Responding to long-time pressure by the Estonian Human Rights Centre and others, the Ministry of Justice has drafted a proposal for a new draft law to amend the provisions of Electronic Communications Act that require mass communications metadata retention. Estonian Human Rights Centre has called upon the rules to be changed since 2014-s CJEU decision which declared the data retention directive, based on which Estonian law was adopted, invalid. It should be noted that in Estonia, communications metadata (including sensitive location data) is used not only to fight serious crime, but also for minor crimes and misdemeanours as well as in civil lawsuits.
The proposal confirms that the current system of communications data retention is not in compliance with the case law of the Court of Justice of the European Union. The proposal includes a brief outline of a tiered, proportional system for retention and use of data, but is short on details.

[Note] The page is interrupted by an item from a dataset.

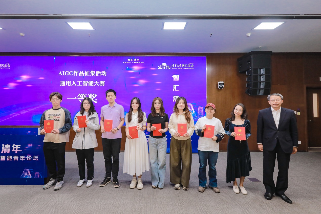 材料学院2021级博士生程泽堃介绍了“智汇清年”kaiyun开云官方网站AI节系列活动的组织情况,包括本次论坛前开展的为期一个月的AIGC作品征集活动和通用人工智能大赛。两项活动涵盖大模型、机器人、智慧医疗、自动驾驶、人工智能与法学、艺术创作等多个领域,旨在推动人工智能技术解决真实场景问题、赋能学术研究和产业升级,吸引全校55支队伍、113名同学报名参与,共有10个一等奖作品脱颖而出。论坛现场展示了30件优秀成果海报。

The Estonian Human Rights Centre stated in our opinion to the proposal that nobody wins if human rights and internal security are set against each other. Mass-surveillance (including mass data retention) breaches trust between the citizenry and the state and thus should not be used in a democratic society.
We thus stated that there should not be a blanket and indiscriminate retention requirement for communications service providers and that the law should be limited to regulation of if, when and how can communications data already processed and stored by telecommunications providers can be accessed and used in case of individual cases. There, we emphasised the need for better oversight and notification.
We also raise the issue that the non-compliant provisions of the law should not be applied until new regulation is in place that safeguards against violations of human rights.